**Work required**
Exact copy, no pictures: return only the lines below from the line with "Охота на льва." up to and including the line with "صحيفة محافظة الحريق".

**Data supplied**
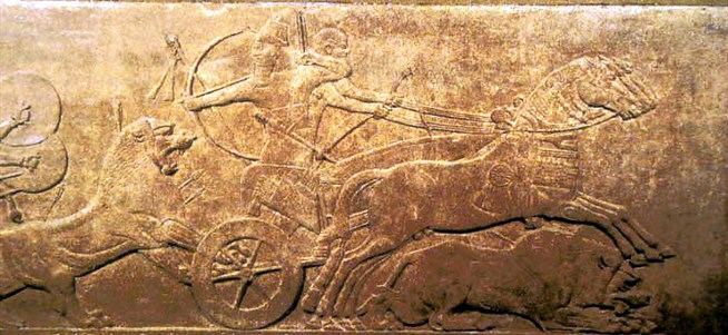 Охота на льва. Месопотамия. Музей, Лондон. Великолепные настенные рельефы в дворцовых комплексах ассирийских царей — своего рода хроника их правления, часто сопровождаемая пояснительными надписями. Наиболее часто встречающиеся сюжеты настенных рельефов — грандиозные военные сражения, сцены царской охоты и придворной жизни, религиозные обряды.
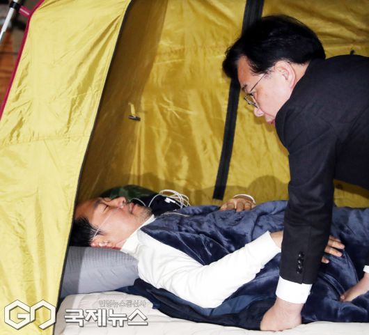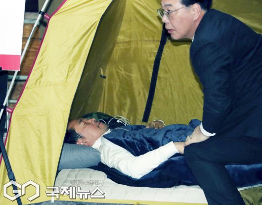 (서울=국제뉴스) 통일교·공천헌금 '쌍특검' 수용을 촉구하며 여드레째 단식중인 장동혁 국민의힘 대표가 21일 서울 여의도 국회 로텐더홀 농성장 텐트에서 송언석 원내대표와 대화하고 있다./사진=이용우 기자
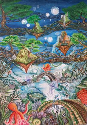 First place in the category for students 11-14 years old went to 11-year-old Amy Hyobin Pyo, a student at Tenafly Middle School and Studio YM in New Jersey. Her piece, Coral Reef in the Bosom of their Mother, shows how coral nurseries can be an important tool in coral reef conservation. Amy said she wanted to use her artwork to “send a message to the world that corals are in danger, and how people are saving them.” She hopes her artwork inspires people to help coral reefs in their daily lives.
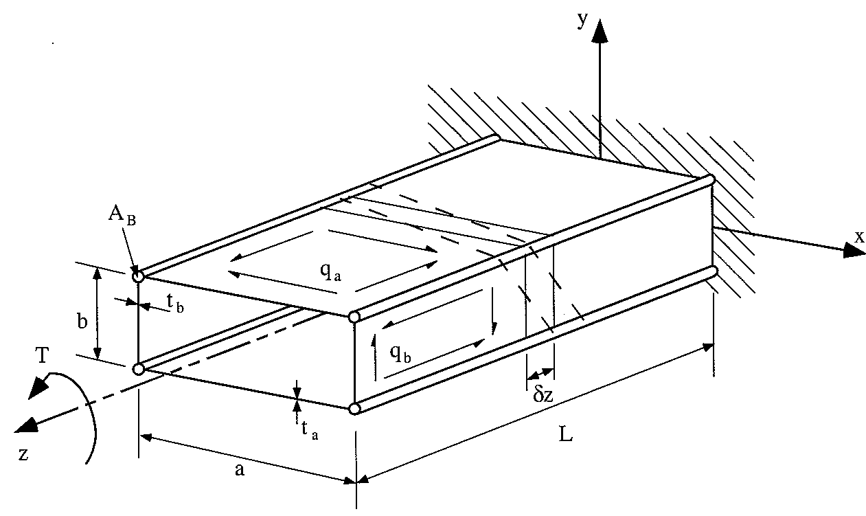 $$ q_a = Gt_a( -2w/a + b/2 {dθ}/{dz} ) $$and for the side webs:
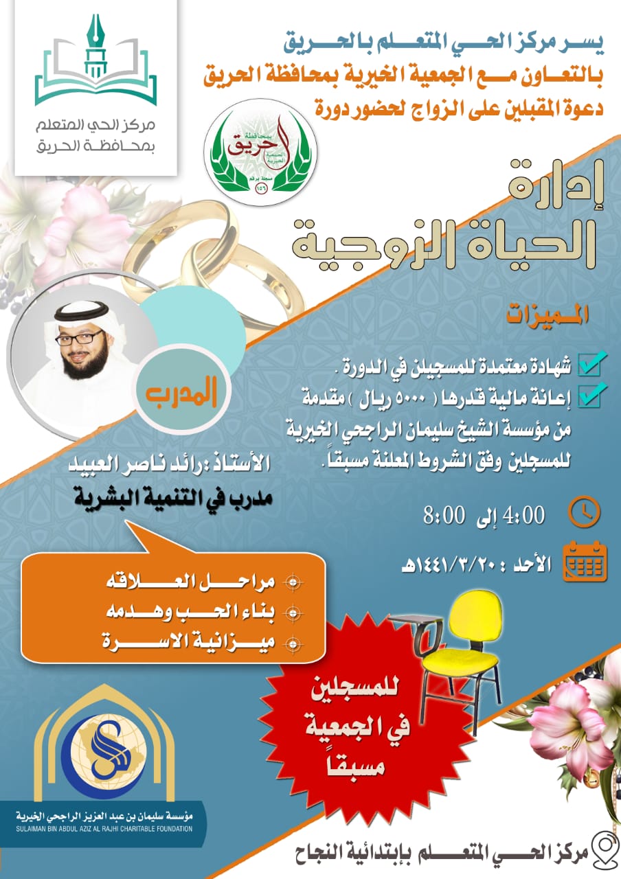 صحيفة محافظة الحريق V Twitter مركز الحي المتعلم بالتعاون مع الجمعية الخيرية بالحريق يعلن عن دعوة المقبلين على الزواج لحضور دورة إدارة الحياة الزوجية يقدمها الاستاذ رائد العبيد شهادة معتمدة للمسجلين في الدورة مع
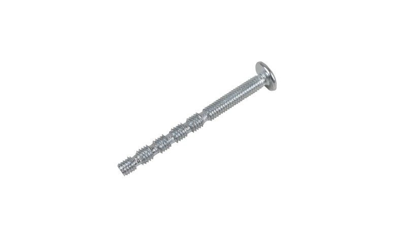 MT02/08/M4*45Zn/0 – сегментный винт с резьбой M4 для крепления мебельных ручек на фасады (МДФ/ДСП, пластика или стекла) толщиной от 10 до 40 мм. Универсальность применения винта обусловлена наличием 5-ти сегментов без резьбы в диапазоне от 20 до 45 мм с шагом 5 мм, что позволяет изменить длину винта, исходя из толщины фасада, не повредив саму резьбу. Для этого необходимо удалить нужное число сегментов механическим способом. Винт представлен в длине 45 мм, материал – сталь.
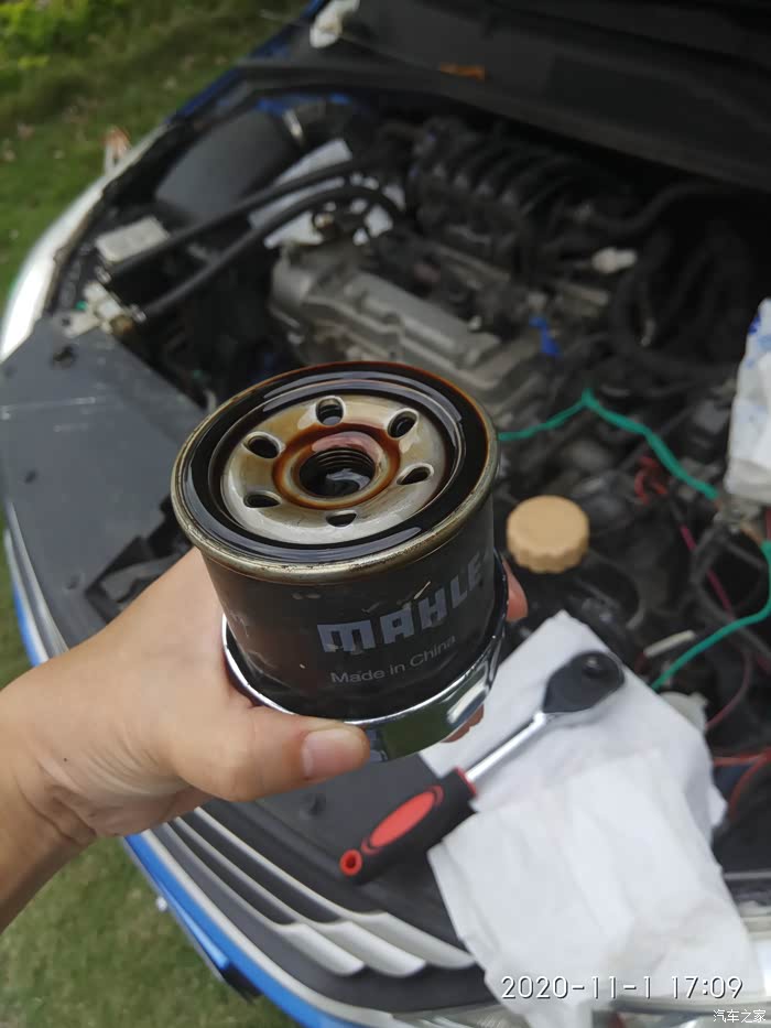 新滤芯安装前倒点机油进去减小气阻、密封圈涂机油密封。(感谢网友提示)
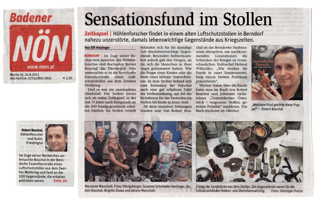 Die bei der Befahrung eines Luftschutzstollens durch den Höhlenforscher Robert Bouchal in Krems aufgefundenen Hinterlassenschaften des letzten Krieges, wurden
==
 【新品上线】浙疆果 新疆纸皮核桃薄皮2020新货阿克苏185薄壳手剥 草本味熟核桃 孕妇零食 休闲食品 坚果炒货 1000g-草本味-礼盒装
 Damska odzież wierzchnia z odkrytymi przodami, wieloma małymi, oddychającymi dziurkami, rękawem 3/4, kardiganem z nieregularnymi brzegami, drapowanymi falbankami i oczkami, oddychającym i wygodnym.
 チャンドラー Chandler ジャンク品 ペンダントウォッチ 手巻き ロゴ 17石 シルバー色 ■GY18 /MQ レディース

**Response area**
 Охота на льва. Месопотамия. Музей, Лондон. Великолепные настенные рельефы в дворцовых комплексах ассирийских царей — своего рода хроника их правления, часто сопровождаемая пояснительными надписями. Наиболее часто встречающиеся сюжеты настенных рельефов — грандиозные военные сражения, сцены царской охоты и придворной жизни, религиозные обряды.
 (서울=국제뉴스) 통일교·공천헌금 '쌍특검' 수용을 촉구하며 여드레째 단식중인 장동혁 국민의힘 대표가 21일 서울 여의도 국회 로텐더홀 농성장 텐트에서 송언석 원내대표와 대화하고 있다./사진=이용우 기자
 First place in the category for students 11-14 years old went to 11-year-old Amy Hyobin Pyo, a student at Tenafly Middle School and Studio YM in New Jersey. Her piece, Coral Reef in the Bosom of their Mother, shows how coral nurseries can be an important tool in coral reef conservation. Amy said she wanted to use her artwork to “send a message to the world that corals are in danger, and how people are saving them.” She hopes her artwork inspires people to help coral reefs in their daily lives.
 $$ q_a = Gt_a( -2w/a + b/2 {dθ}/{dz} ) $$and for the side webs:
 صحيفة محافظة الحريق V Twitter مركز الحي المتعلم بالتعاون مع الجمعية الخيرية بالحريق يعلن عن دعوة المقبلين على الزواج لحضور دورة إدارة الحياة الزوجية يقدمها الاستاذ رائد العبيد شهادة معتمدة للمسجلين في الدورة مع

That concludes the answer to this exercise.